TopologicalInsulator

The concept is illustrated pictorially by chemists when describing the Molecular Orbital, e.g. in a biatomic molecule. Two isolated atoms with one valence electron each: these electrons occupy states degenerate in energy. When close together the degeneracy is removed by additional interaction terms to yield bonding and antibonding states

This means that in zero-th approximation the two electron obey a 2-electron Hamiltonian {${\cal H}_0$} without interaction terms. A small interaction {$\cal{V}\ll{\cal H}_0$} may be considered as a perturbation for the two higher energy degenerate bound states. This leads to the diagonalization of a 2x2 matrix with equal diagonal {$H_0$} and small non diagonal {$V$} terms.

The same thing applies to Bloch states at the Brillouin Zone (BZ) boundaries, e.g. in the tight binding scheme. Since they are connected by a reciprocal lattice vector {$\mathbf{G}$}, they represent the same state (periodicity of the lattice), i.e. they are degenerate in energy. The fact that a lattice vector {$\mathbf{G}$} joins equivalent states indicates a nesting. If there is a neglected non diagonal interaction (e.g. the crystal potential) the well known result is the opening of a band gap.
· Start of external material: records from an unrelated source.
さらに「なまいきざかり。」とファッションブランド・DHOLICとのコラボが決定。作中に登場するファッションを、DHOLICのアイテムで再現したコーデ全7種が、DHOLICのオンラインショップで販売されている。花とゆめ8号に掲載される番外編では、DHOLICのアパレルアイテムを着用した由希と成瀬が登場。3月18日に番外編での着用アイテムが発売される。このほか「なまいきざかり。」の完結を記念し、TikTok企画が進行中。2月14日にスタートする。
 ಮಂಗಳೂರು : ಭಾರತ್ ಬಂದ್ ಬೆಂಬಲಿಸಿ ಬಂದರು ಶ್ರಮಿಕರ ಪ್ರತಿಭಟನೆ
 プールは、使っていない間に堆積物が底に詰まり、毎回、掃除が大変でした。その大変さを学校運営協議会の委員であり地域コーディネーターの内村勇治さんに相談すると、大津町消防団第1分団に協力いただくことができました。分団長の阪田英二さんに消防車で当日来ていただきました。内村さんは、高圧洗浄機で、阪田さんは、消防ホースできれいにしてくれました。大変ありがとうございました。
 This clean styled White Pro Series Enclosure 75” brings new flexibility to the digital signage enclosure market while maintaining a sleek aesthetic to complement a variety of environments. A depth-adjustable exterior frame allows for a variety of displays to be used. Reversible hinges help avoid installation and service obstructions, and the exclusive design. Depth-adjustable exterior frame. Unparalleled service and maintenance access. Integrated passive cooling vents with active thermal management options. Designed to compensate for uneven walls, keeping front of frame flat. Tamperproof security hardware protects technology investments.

The energies in between the crystal equivalent of the bonding and antibonding state are not available to electrons.

By this mechanism a generic non interacting gas of valence electrons (thought as the first approximation to a quantum solid), may give rise to an insulator. When this happens one may think of the bonding and antibonding states as the two stationary quantum waves that are produced by the superposition of progressive and regressive plane waves at wavevector {$\mathbf{G}/2$} (in some sense by the scattering of these plane waves on the lattice).
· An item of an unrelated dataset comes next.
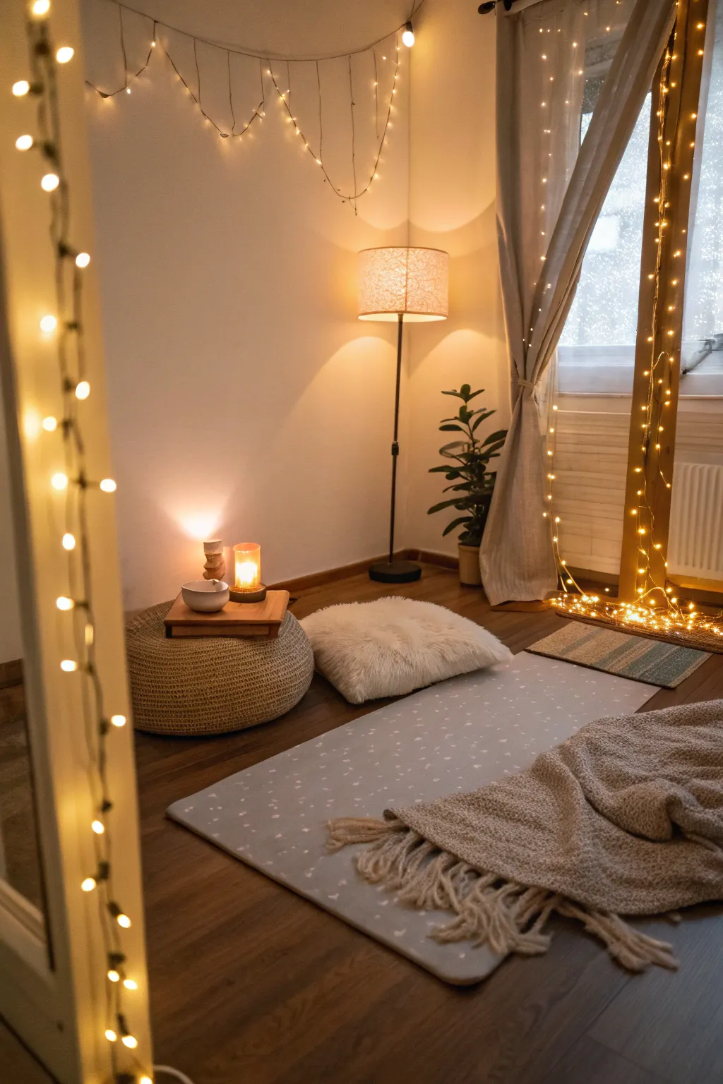 Soft lighting can transform your yoga space into a tranquil haven. I love using string lights or a gentle lamp to create a warm, inviting glow.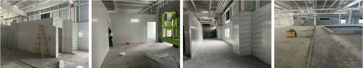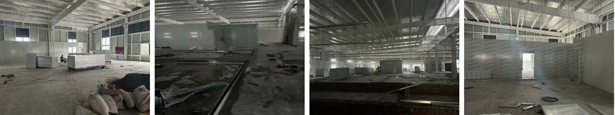 皇潮阁绵竹项目厂房装修施工现场:隔断施工

A related crystal phenomenon is the Peierls mechanism, by which a linear metallic chain of atoms will almost inevitably dimerize and produce an insulator (Jahn-Teller distortion cames into this as well). If spin is present one may have an analogous spin Peierls mechanism, by which the metallic chain turns into an antiferromagnetic insulator chain.

We must take for granted that for certain insulators (the topological insulators) the vicinity of the crystal boundary (the surface) produces additional states in the gap, where the Fermi level lies. This gives rise to a peculiar two dimensional (2-d) Fermi surface, in the shape of circle of linearly energy-dependent radius, i.e. a cone in {$E$} vs. {$(k_x,k_y)$}. This corresponds to the so called Dirac cone, which appears also in 2-d graphene.

The Fermi surface indicates that a surface metal exists, but surface states are generally prone to the nesting mechanism: any disorder, impurity etc. may provide additional interaction terms, destroying the metal (the so-called Anderson localisation for strong disorder). However the 2-d metal may be topologically protected if a strong spin-orbit interaction dictates that the spin of the electron must be correlated to the wave vector direction. Then the circular energy surface implies that the spin must turns by {$2 \pi$} going around it, leading to possible analogies of the spin Peierls mechanism to yield antiferromagnetic insulating states.

It is well known, though, that a spin {$1/2$} wave function requires a rotation of {$4\pi$} to be brought back into itself. This topological feature prevents the nesting to take place in the case described above. The prototypic topological insulators are Bi₂Se₃, Bi₂Te₃. Their relative Bi₂S₃ is a normal insulator. The spin-orbit interaction is the magnetic field acting on the spin, due to the apparent motion of the nucleus around it (like the apparent motion of the Sun around the Earth). This field becomes large for heavier atoms where the orbiting velocities are larger, approaching the relativistic limit. So heavier Se, Te bring in a stronger spin-orbit interaction and do the trick.